If to the Company, to:

                   Avon Products, Inc.
                   1345 Avenue of the Americas
                   New York, New York 10105-0196
                   Telephone:  (212) 282-5122
                   Telecopy:  (212) 282-6225
                   Attention:  Ward M. Miller, Jr., Esq.
                               Senior Vice President,
                               General Counsel and Secretary

with a copy to:

                   Sullivan & Cromwell
                   125 Broad Street
                   New York, NY 10004
                   Telephone:  (212) 558-3941
                   Telecopy:  (212) 558-3588
                   Attention:  Michael W. Weir, Esq.

If to the Exchange Agent, to:

                   The Chase Manhattan Bank
                   450 West 33rd Street, 15th Floor
                   New York, N.Y. 10001
                   Telephone:  (212) 946-3083
                   Telecopy:  (212) 946-8161
                   Attention: Global Trust Services, Kathleen Perry

         32.   Unless terminated earlier by the parties hereto, this Agreement 
shall terminate 90 days following the Expiration Date. Notwithstanding the
foregoing, paragraphs 19, 21, 23 and 25 shall survive the termination of this
Agreement. Upon any termination of this Agreement, you shall promptly deliver to
the Company any certificates for New Notes, funds or property then held by you
as Exchange Agent under this Agreement.

         33.   This Agreement shall be binding and effective as of the date 
hereof.


                                       10

<PAGE>


          Please acknowledge receipt of this Agreement and confirm the 
arrangements herein provided by signing and returning the enclosed copy.

                                         AVON PRODUCTS, INC.
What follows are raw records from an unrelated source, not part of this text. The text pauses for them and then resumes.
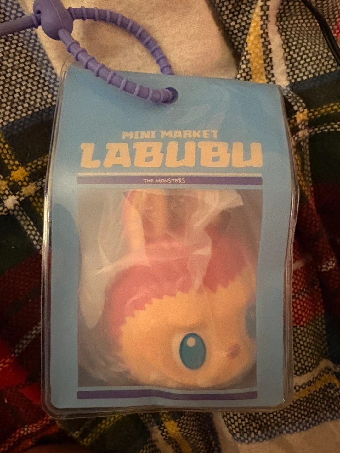 This is a Labubu plush toy from Mini Market. It's part of The Monsters collection. The plush is yellow and pink with blue eyes. Zelle or cash. Wellington and Halsted here.
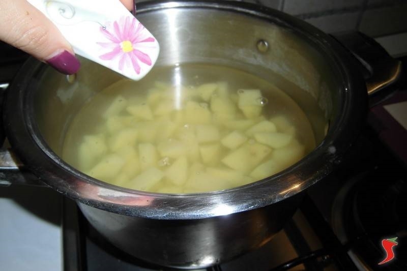 Per prima cosa bisogna lavare, pelare e tagliare a cubetti le patate. Una volta tagliate le mettete in una pentola e coprite con acqua fredda.
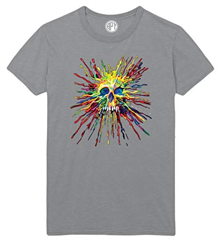 Splatter Skull Neon Dripping Colors Printed T-Shirt - Athletic-Gray - 5XLT
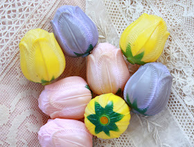 Plastic bulb covers in the shape of tulips.  Can't you just see these with little white lights to celebrate spring?
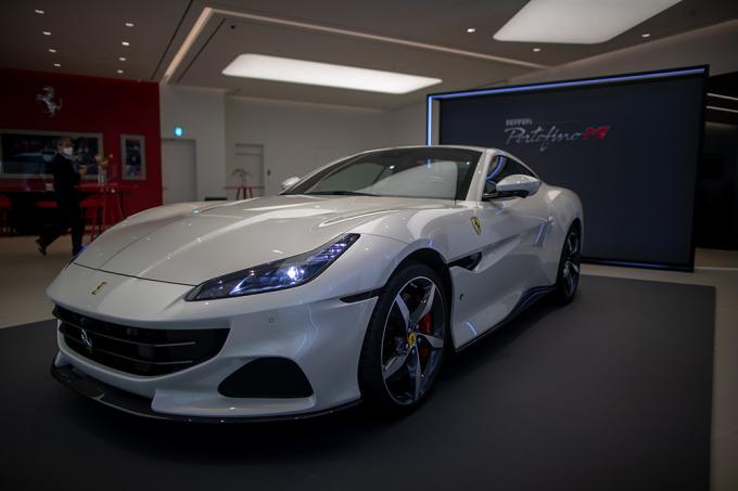 4일 오전 서울 서초구 페라리 반포 전시장에서 페라리의 8기통 그랜드투어러 '포르토피노 M'이 전시되어 있다. '포르토피노 M'은 620마력의 V8 엔진과 8단 듀얼클러치 변속기, 페라리 GT 스파이더 모델 최초로 레이스 모드가 추가된 5가지 모드의 마네티노를 탑재했다.
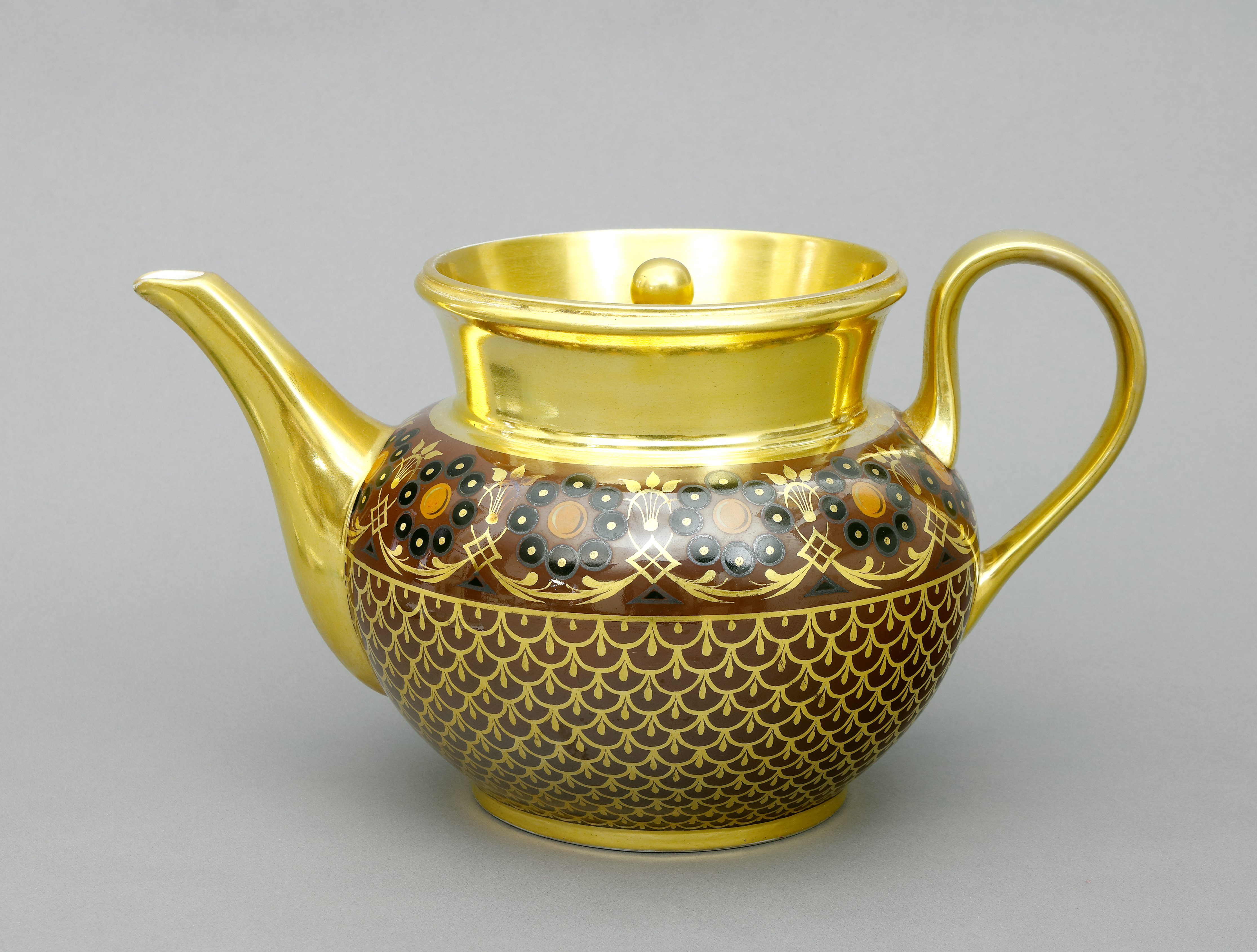 Balusterform mit Ohrhenkel und vertieftem Deckel. Porzellan, Goldtuschen auf braunem Lüsterfond. Reiche Vergoldung mit umlaufendem, braunem Band mit farbiger und goldener Ornamentik. Die Hälfte der Wandung mit goldenem Schuppendekor verziert. Sehr seltenes Dekor. Blaue Adlermarke mit Zepter und Rote Malermarke. (993-25)

                                         By:___________________________________
                                             Name:
                                             Title:


Accepted as of the date 
first above written:

THE CHASE MANHATTAN BANK,
as Exchange Agent


By:______________________________
    Name:
    Title:


                                       11

<PAGE>


                                FEE SCHEDULE FOR
                             EXCHANGE AGENT SERVICES

         Covers review of the Letter of Transmittal, DTC ATOP voluntary offering
instruction ("VOI"), the Exchange Agent Agreement and other related
documentation, if any, as required by the Exchange Offer; set-up of records and
accounts; distribution of materials; all operational and administrative charges
and time in connection with the review, receipt and processing of Letters of
Transmittal/VOI, processing delivery of guarantees, legal items, withdrawals,
record keeping, and answering securityholders' inquiries pertaining to the
Exchange Offer.

                                                 Flat Fee: $2,500.00


                                      NOTE

         These fees are also subject to change should circumstances warrant.
Reimbursement for all out-of-pocket expenses, disbursements (including postage,
telex, fax, photocopying and advertising costs), and reasonable fees of counsel
(including their disbursements and expenses) incurred in the performance of our
duties will be added to the billed fees. Once appointed, if the Exchange Offer
should fail to close for reasons beyond our control, we reserve the right to
charge a fee not to exceed the amount of our acceptance fee and we will require
reimbursement in full for our legal fees and any out-of-pocket expenses related
to our responsibilities under the Exchange Agent Agreement.

         Fees for any services not specifically covered in this or any other
applicable schedule will be based on the appraisal of services rendered.